**Data supplied**
· · · · ·
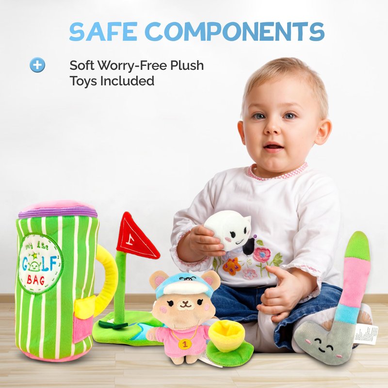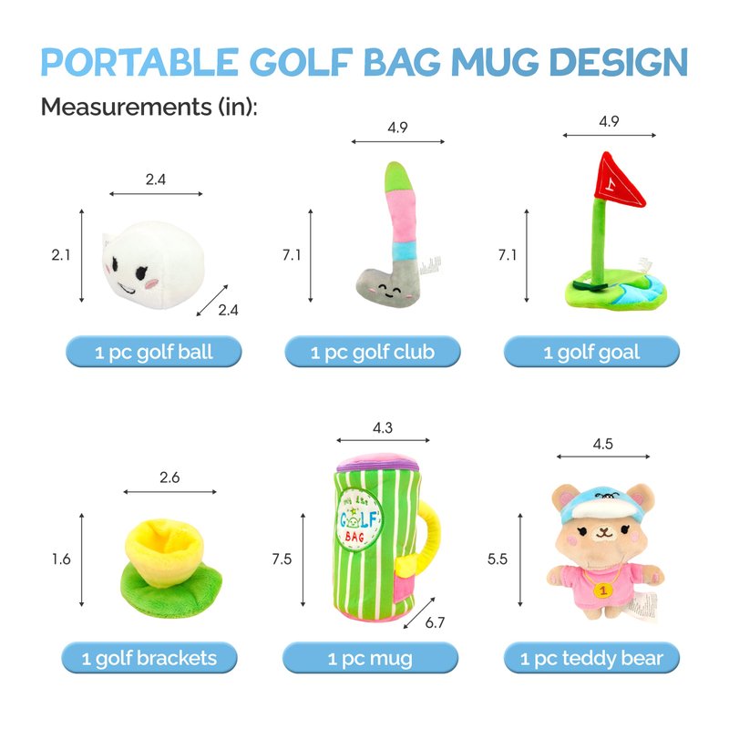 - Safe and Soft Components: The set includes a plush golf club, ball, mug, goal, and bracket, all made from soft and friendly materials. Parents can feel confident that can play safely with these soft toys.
· · · · ·
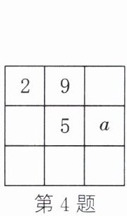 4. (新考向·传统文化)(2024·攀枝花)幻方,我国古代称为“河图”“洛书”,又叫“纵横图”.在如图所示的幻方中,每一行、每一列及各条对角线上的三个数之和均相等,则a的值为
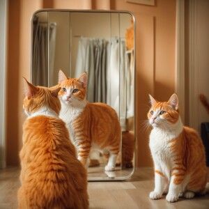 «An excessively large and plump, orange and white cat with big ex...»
· · · · ·
**How to complete this task**
In the listing above, find the line containing "4. (新考向·传统文化)(2024·攀" and the line containing "excessively large and", then print exactly those two lines and every line between them, minus the pictures.

**Task solution**
 4. (新考向·传统文化)(2024·攀枝花)幻方,我国古代称为“河图”“洛书”,又叫“纵横图”.在如图所示的幻方中,每一行、每一列及各条对角线上的三个数之和均相等,则a的值为
 «An excessively large and plump, orange and white cat with big ex...»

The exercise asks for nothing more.